In the course of the appeal hearing, having heard the submissions made on behalf of the appellant, counsel for the respondent conceded that the appeal should be allowed and accordingly that the decision of the UT should be set aside with the case remitted to the UT with directions for its reconsideration.
The appeal judges issued guidance for consideration by the UT.
In a written note, Lord Brodie said: “In the present case when it was before the FTT and the UT, consideration of the question as to whether a requirement for relocation to the IKR would be unduly harsh, appears to have focused on the need for documentation for the purpose of travel, the assumption being that if the appellant could make his way to the IKR all would be, if not well, at least tolerable.

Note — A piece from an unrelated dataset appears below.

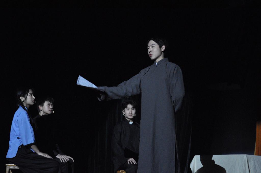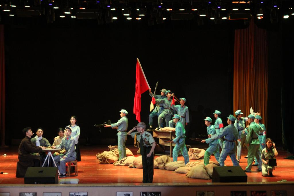 话剧开场的序和最后一幕都采取抗战老军人站在现代时空回顾和感慨过去浴血奋战史的形式,形成了一种前后呼应、时空交错的特殊美感,具有极强的感染力和表现力。剧团成员们在台上尽情发挥,声情并茂地演绎将戏中人物的形象和情感都展现地淋漓尽致,恰如其分地反应当时社会背景下那一代人的记忆和成长。话剧设置正反两派人物的矛盾与冲突,将那个时代风华正茂的青年人的大义凛然、自若从容与慷慨赴死烘托得极其鲜明,引得台下观众的心绪随着剧情起伏跳动,感动于剧中主人公用生命诠释对革命信仰的青年志气。

“It appeared to us that that approach is rather to ignore other difficulties (in obtaining assistance from the State and obtaining employment and perhaps accommodation) which the appellant may face consequent on inadequate documentation, coupled with the absence of immediate family support.
“We have in mind the importance of having a CSID and the potential difficulty of obtaining it, particularly where the appellant would be at risk in his home Governorate and may be unable to enlist family assistance.
“The FTT assumed that the appellant would be able to obtain employment in the IKR. Clearly that is of importance if the appellant is to be taken to be likely to be able to support himself in an area where he would appear to have no family, and therefore no help from that quarter.
“Because the ability to secure employment is important the question arises as to what documentation might be required in that connection (a matter addressed in the following paragraph of this Note under reference to the now current country guidance).
“This would seem to point to a need to make enquiry about a number of matters before it could be concluded that requiring the appellant to relocate to the IKR would not be unduly harsh. That enquiry might begin, but not necessarily end, with consideration of how likely it is that the appellant will be able to acquire a CSID.”